I am using Ceph, uploading many files through radosgw. After, I want to delete the files. I am trying to do that in Python, like this:
bucket = conn.get_bucket(BUCKET)
for key in bucket.list():
bucket.delete_key(key)
Afterwards, I use bucket.list() to list files in the bucket, and this says that the bucket is now empty, as I intended.
However, when I run ceph df on the mon, it shows that the OSDs still have high utilization (e.g. %RAW USED 90.91).
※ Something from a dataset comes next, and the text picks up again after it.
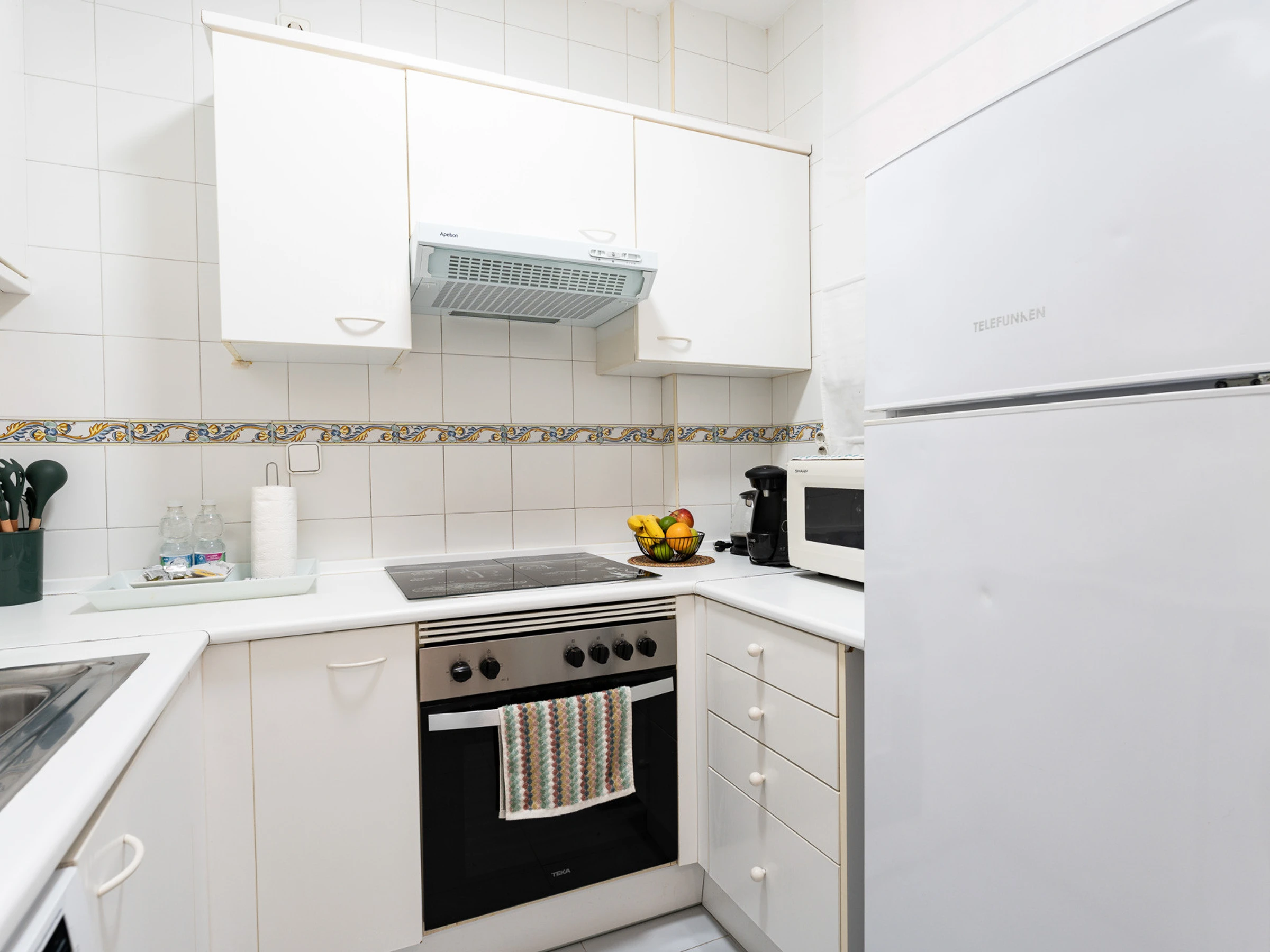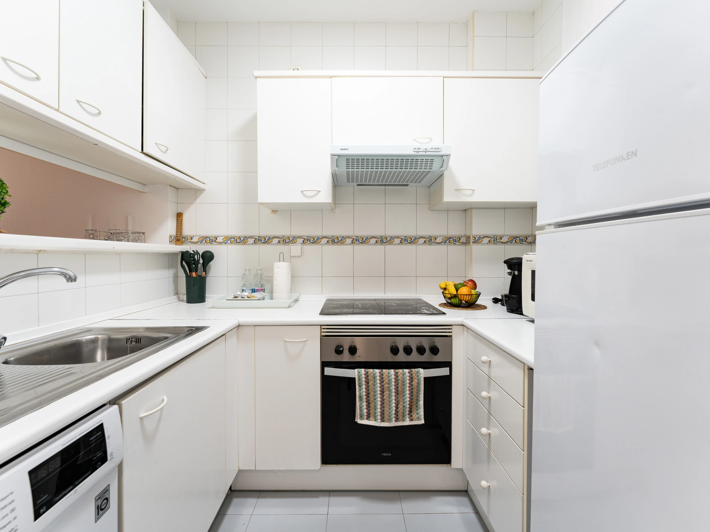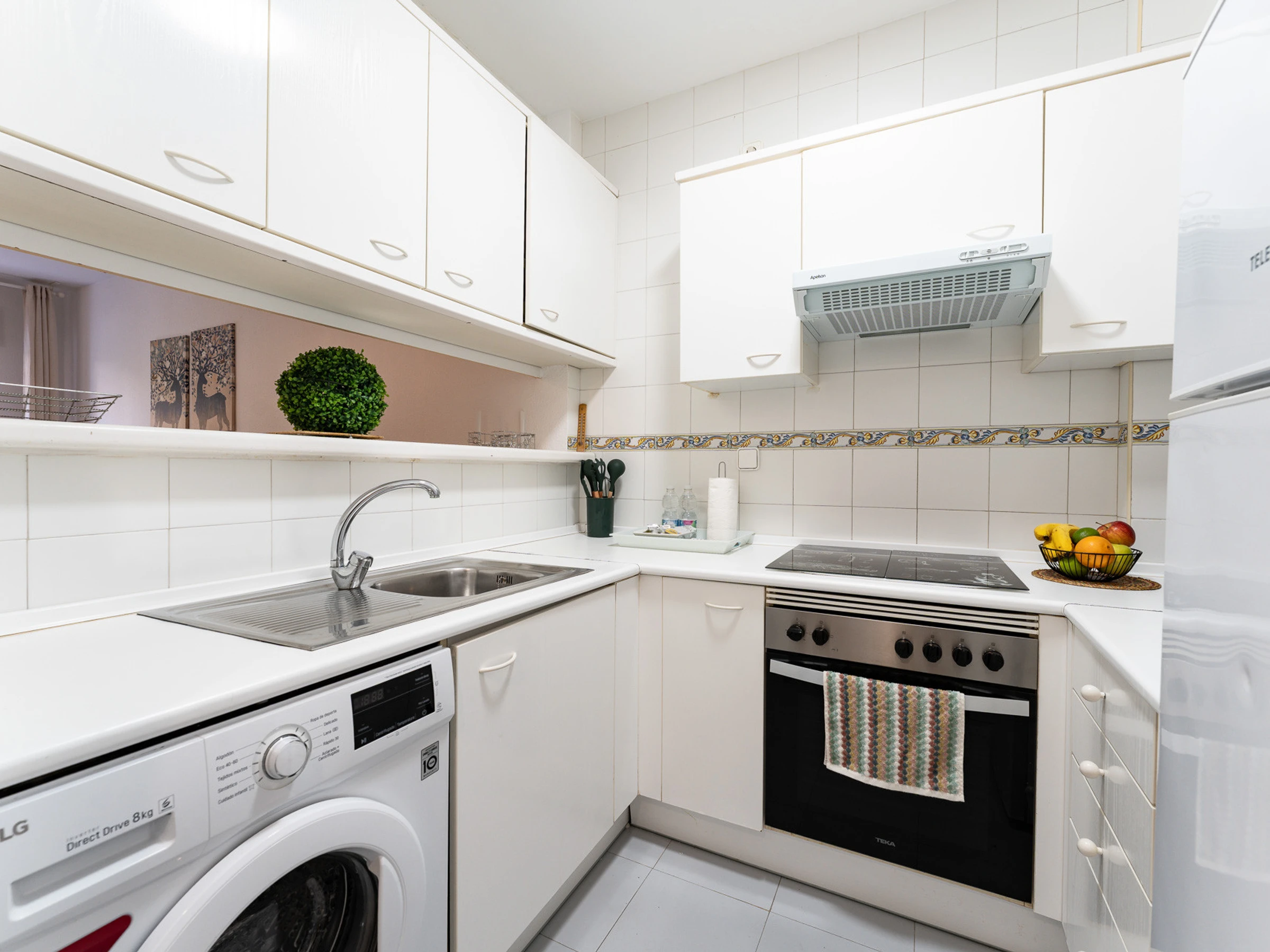 La cocina americana está totalmente equipada con electrodomésticos de última generación, incluyendo nevera, congelador, lavadora, horno, microondas, cafetera, tostadora y hervidor. Cuenta con todos los utensilios de cocina necesarios para preparar comidas deliciosas durante su estancia.

If I continue writing (thinking that the status data just hasn't caught up with the state yet), Ceph essentially locks up (100% utilization).
What's going on?
Note: I do have these standing out in ceph status:
health HEALTH_WARN
3 near full osd(s)
too many PGs per OSD (2168 > max 300)
pool default.rgw.buckets.data has many more objects per pg than average (too few pgs?)
From what I gather online, this wouldn't cause my particular issue. But I'm new to Ceph and could be wrong.
I have one mon and 3 OSDs. This is just for testing.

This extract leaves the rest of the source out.